На щеке ее отображенная тень качающейся за окном ветки прыгала трепетным полукругом. И вдруг вместе с тенью Наденька сдувалась в пространство, а он бежал по длинному, загибающемуся в конце больничному коридору. Он помнит, как чуть не сбил с ног накрахмаленную до хруста сестру на узком и скользком повороте, как кто-то схватил его за руку и остановил у дверей операционного зала и как ехидно тикали круглые стенные часы, отбивая в тишине звонкие минуты. Постепенно из этих пестрых лоскутьев слагалась вся его прошлая жизнь, и он проходил теперь мысленно по ее извилистым дорогам. Играя на виолончели в этом маленьком немецком городке, похожем на цветную иллюстрацию к учебнику Аллендорфа, он переносился на шесть лет назад, в солнечный миг бессарабского утра и видел себя грязным оборванцем, бредущим по кишиневским улицам. Он только что бежал из Советской России, и глаза его жадно вбирали всю новую, странную и необычную обстановку: груды товаров на лотках, поставленных вдоль улицы, нарядную толпу, казавшуюся ему тогда сборищем миллионеров, зеленые палисадники у домов и выше, на горизонте, крахмальные облака, изрезанные жилками еще обнаженных мартовских веток. Тогда он был охвачен горделивыми мечтами о своей будущей карьере. Он проедет всю Европу с лекциями о Советской России, он расскажет обо всем, что видел сам, он увлечет своею речью европейских буржуа. И несмотря на то, что ему уже исполнилось тогда двадцать девять лет, – мечты принимали реальные формы и плотно вплетались в жизнь, украшая ее волшебными узорами. Уже значительно позже, в Бухаресте, когда он поведал о своих планах Федосею Федосеевичу и когда старик в конце его пылкой речи откровенно расхохотался, – он испытал то незабываемое ощущение разочарования и обиды, какое испытывает ребенок, сорвавший колючий цветок чертополоха и вдруг до крови наколовший руку.

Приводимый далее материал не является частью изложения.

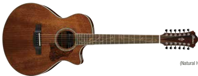
NT (Natural High Gloss)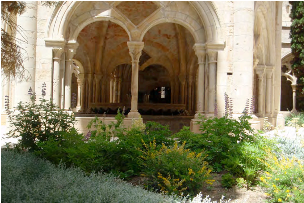
Fig. 11. Summer aspect of the area next to the fountain structure, with yellow flowers on the right (the mental wing) and white on the left (the spiritual wing).

To ensure that all are visible, plants were placed with the smallest on the outside of the flowerbeds and the largest towards the inside. In the centre stand the rose bushes and so all the plants can be admired from the Romanesque and Gothic arches of the galleries that surround the garden.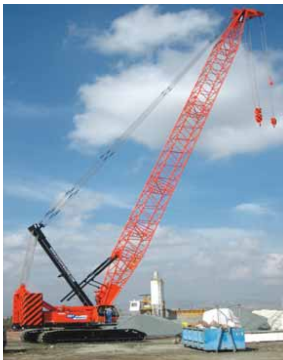
Kobelco will produce cranes up to 250 tonnes in both China and India.

The new venture follows Kobelco's recently announced $12.7 million crane production facility in Sri City Special Economic Zone in India which will build crawler cranes from 90 to 250 tonnes capacity. Kobelco claims a 17.4 percent share of the worldwide crawler crane market.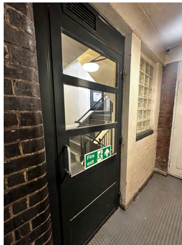
Communal fire door at Riverside.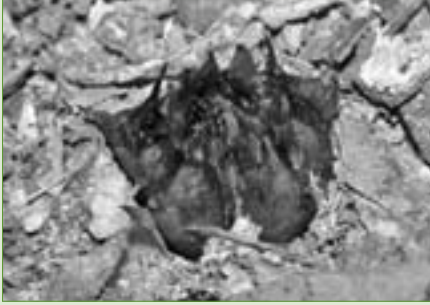
Rhizanthella slateri – eastern Australian underground orchid

Already 15 visits have been made to the site to gather data on the life cycle and ecology of each species and to collect samples for research. Further fieldwork will involve translocating some individuals identified within the road footprint, and the identification and assessment of other sites suitable for translocation or re-introduction of laboratory propagated orchids.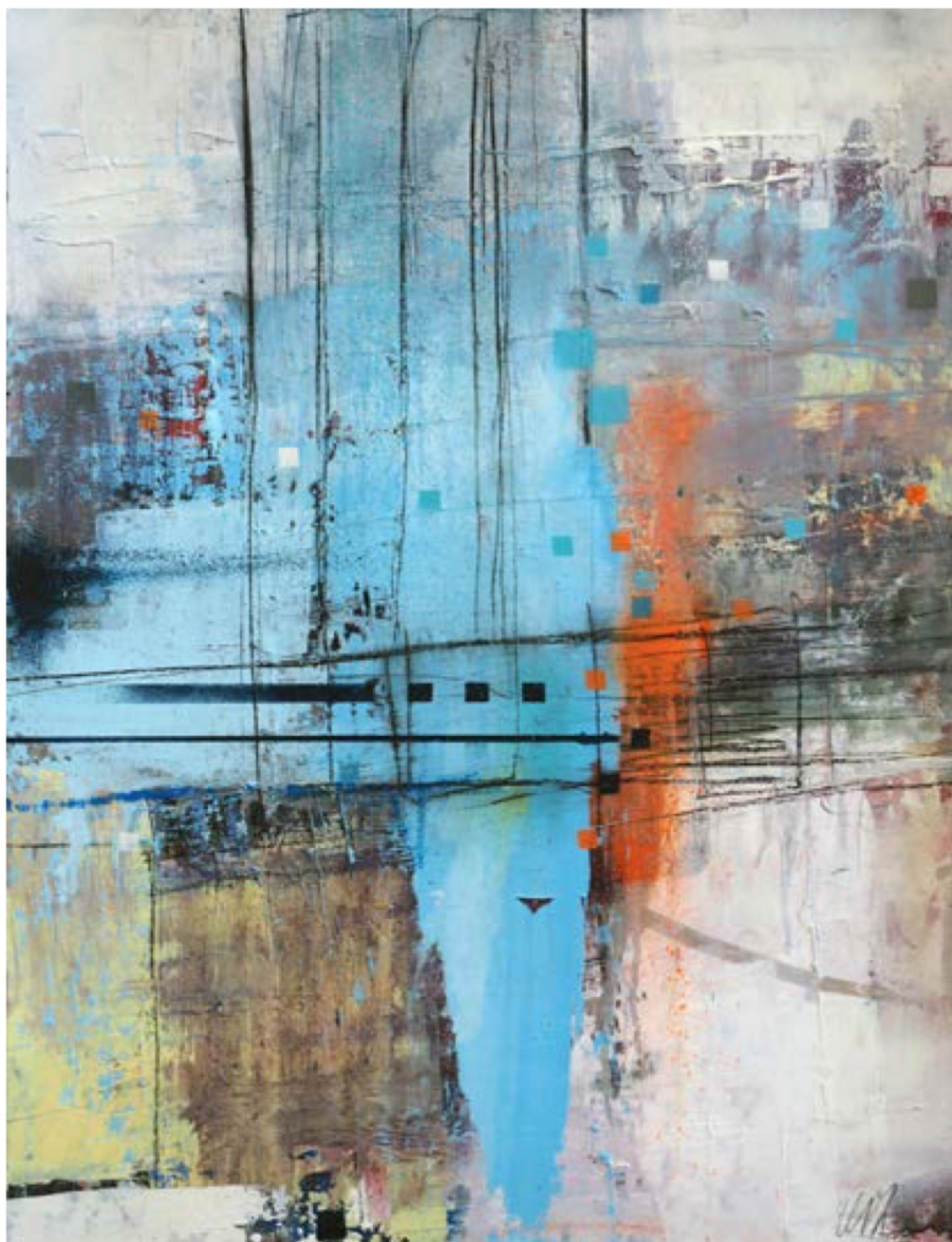
Paper 27 oil and spray on paper 31 1/8" x 24 3/4"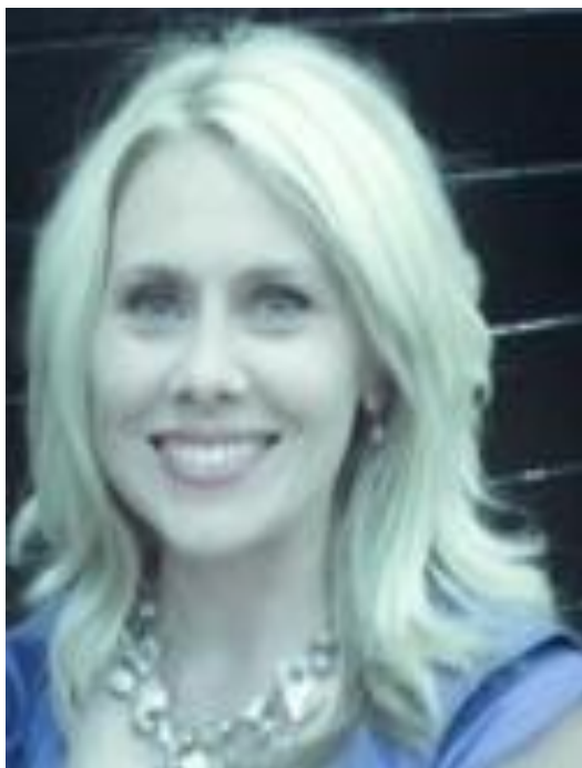
Jamie Wyman Carter Traditional Elementary School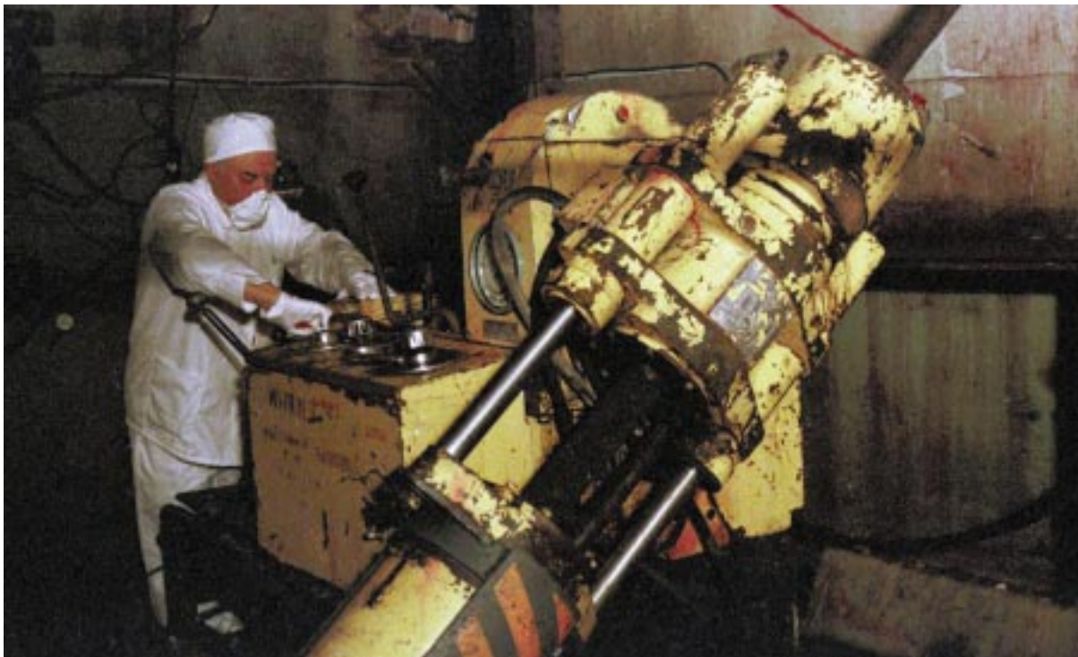
"Ukraine has valuable experience in responding to a nuclear emergency." Here, a worker operates a drilling machine making tests under the concrete sarcophagus built over the nuclear power plant's fourth reactor after the 1986 accident.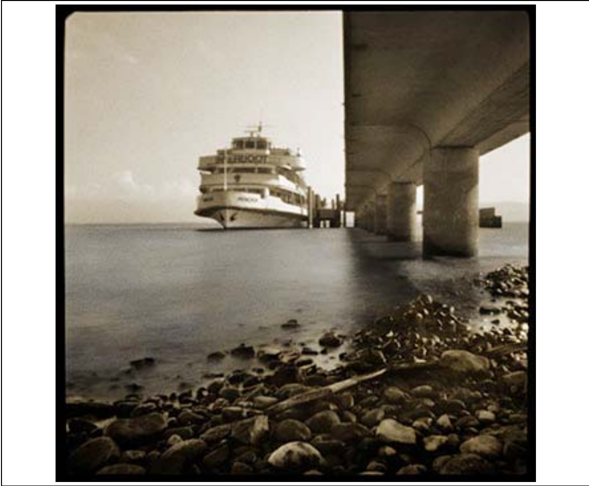
4-8 A four second exposure with a pinhole camera and extensive digital darkroom work created this over-worldly image.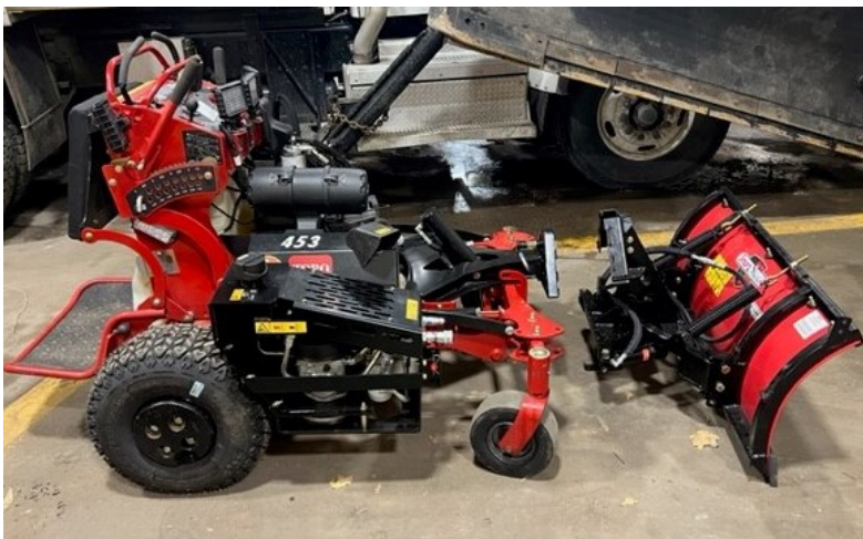
Toro Grandstand mower with snow plow attachment

Thanks to the hard work and dedication of the Fleet staff, all snow removal equipment is operational and only a few minor issues remain to be corrected. Fleet staff also took delivery of a new Ford F150. Once outfitted with all necessary equipment, it will enter service for the Police Department.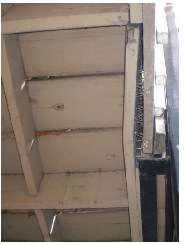
Second floor walkway becoming detached from support posts and at risk of collapsing.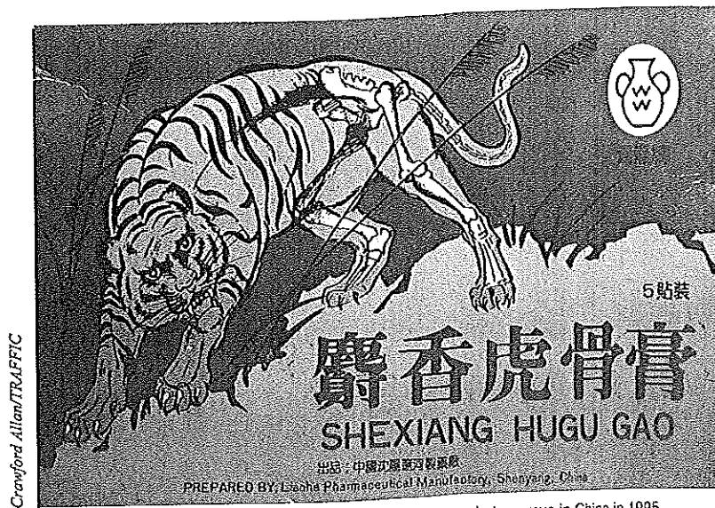
A musk and Tiger-bone plaster of the type seen during market surveys in China in 1995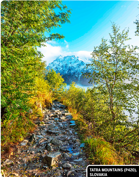
TATRA MOUNTAINS (P420), SLOVAKIA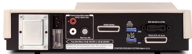
SR720 rear panel

Two rear-panel input connections are provided for an external bias voltage. Voltages as high as 40 VDC can be used. An optional handler interface provides control lines to a component handler for sorting. A standard RS-232 interface allows complete control of all instrument functions by a remote computer. A GPIB interface is included with the handler option.

В Бухарест он приехал апрельским вечером (он помнит, как желтыми лимонами выросли из тумана бесчисленные фонари города) и, выйдя с вокзала, сел на скамью у крохотного садика. Он сел, положив рядом с собой ободранный чемодан, приобретенный им в Кишиневе вместе с серыми туфлями у еврея-старьевщика, и, достав записную книжку, стал листать страницы. Город шумел вечерним перекатывающимся шумом, гудки автомобилей плоским кваканьем прорезывали воздух, голубыми усами шевелились по улице снопы электрического света, из кафе и ресторанов доносился беспомощно-наивный и женственный хор скрипок. Мальчишка-газетчик пробежал мимо, визгливо выкрикивая названия вечерних газет: «Адеверул!», «Ментуирея!», «Диминяца!». Ненужный теперь, уводящий назад в прошлое свисток локомотива вдруг заставил Кравцова вздрогнуть, и он впервые почувствовал действительность окружавшей его со всех сторон новой жизни. Наконец при свете уличного фонаря он отыскал нужный ему адрес: книжный склад «Ромул», улица генерала Авереску, № 44. Это был ночлег на сегодня, протекция кишиневского покровителя. Вспомнив теперь своего покровителя, и даровые обеды в приюте для девушек-сирот, и голубей, постоянно воркующих на карнизах темного приютского здания, – он почти умилился. Как там встретят завтра его отсутствие и будет ли обычный субботний пирог с капустой?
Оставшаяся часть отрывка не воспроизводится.